All of lore.kernel.org
 help / color / mirror / Atom feed
From: Shailabh Nagar <nagar@watson.ibm.com>
To: Shailabh Nagar <nagar@watson.ibm.com>
Cc: linux-kernel <linux-kernel@vger.kernel.org>,
	elsa-devel <elsa-devel@lists.sourceforge.net>,
	lse-tech@lists.sourceforge.net,
	ckrm-tech <ckrm-tech@lists.sourceforge.net>,
	Guillaume Thouvenin <guillaume.thouvenin@bull.net>,
	Jay Lan <jlan@sgi.com>, Jens Axboe <axboe@suse.de>,
	Suparna Bhattacharya <bsuparna@in.ibm.com>
Subject: [RFC][Patch 3/5] Per-task delay accounting: Sync block I/O delays
Date: Wed, 07 Dec 2005 22:23:10 +0000	[thread overview]
Message-ID: <439760CE.7050401@watson.ibm.com> (raw)
In-Reply-To: <43975D45.3080801@watson.ibm.com>

This patch attempts to record all the time spent by a task
waiting for completion of (user-initiated) block I/O. Ideally, it
would have been nice to be able to record the time spent by a task
waiting for I/O events that are related to async block I/O. While
that can be done now (by measuring time spent in wait_for_async_kiocb)
once (if ?) network aio is implemented, AFAIK, it won't be possible
to distinguish async block and network aio events (and I suspect async
I/O to pipes too...) so async block I/O gets ignored for now.

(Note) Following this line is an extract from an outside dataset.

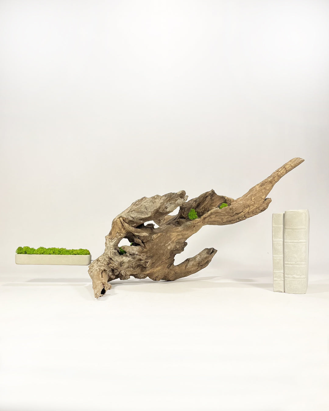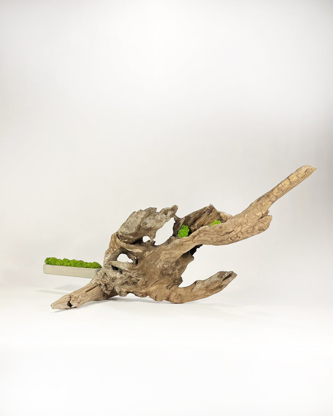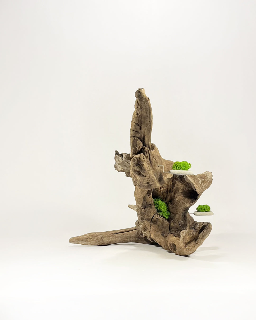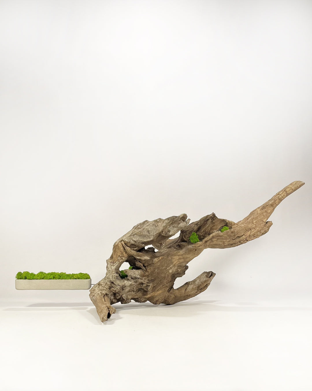 Legni di mare, acciaio, muschio stabilizzato (Moss) e forme geometriche in cemento fungono da rispettivi contrappesi in un gioco di equilibrio tra naturale ed artificiale dove a vincere è solo la forza di gravità.

Suggestions on how async block I/O wait can be accounted accurately would
be welcome.




Changes since 11/14/05

- use nanosecond resolution, adjusted wall clock time for timestamps
  instead of sched_clock (akpm, andi, marcelo)
- collect stats only if delay accounting enabled (parag)
- stats collected for delays in all userspace-initiated block I/O
including fsync/fdatasync but not counting waits for async block io events.

11/14/05: First post


delayacct-blkio.patch

Record time spent by a task waiting for completion of
userspace initiated synchronous block I/O. This can help
determine the right I/O priority for the task.

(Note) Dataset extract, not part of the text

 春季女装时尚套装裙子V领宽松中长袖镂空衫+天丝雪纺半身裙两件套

Signed-off-by: Shailabh Nagar <nagar@watson.ibm.com>

 fs/buffer.c               |    6 ++++++
 fs/read_write.c           |   10 +++++++++-
 include/linux/delayacct.h |    4 ++++
 include/linux/sched.h     |    2 ++
 kernel/delayacct.c        |   31 +++++++++++++++++++++++++++++++
 mm/filemap.c              |   10 +++++++++-
 mm/memory.c               |   17 +++++++++++++++--
 7 files changed, 76 insertions(+), 4 deletions(-)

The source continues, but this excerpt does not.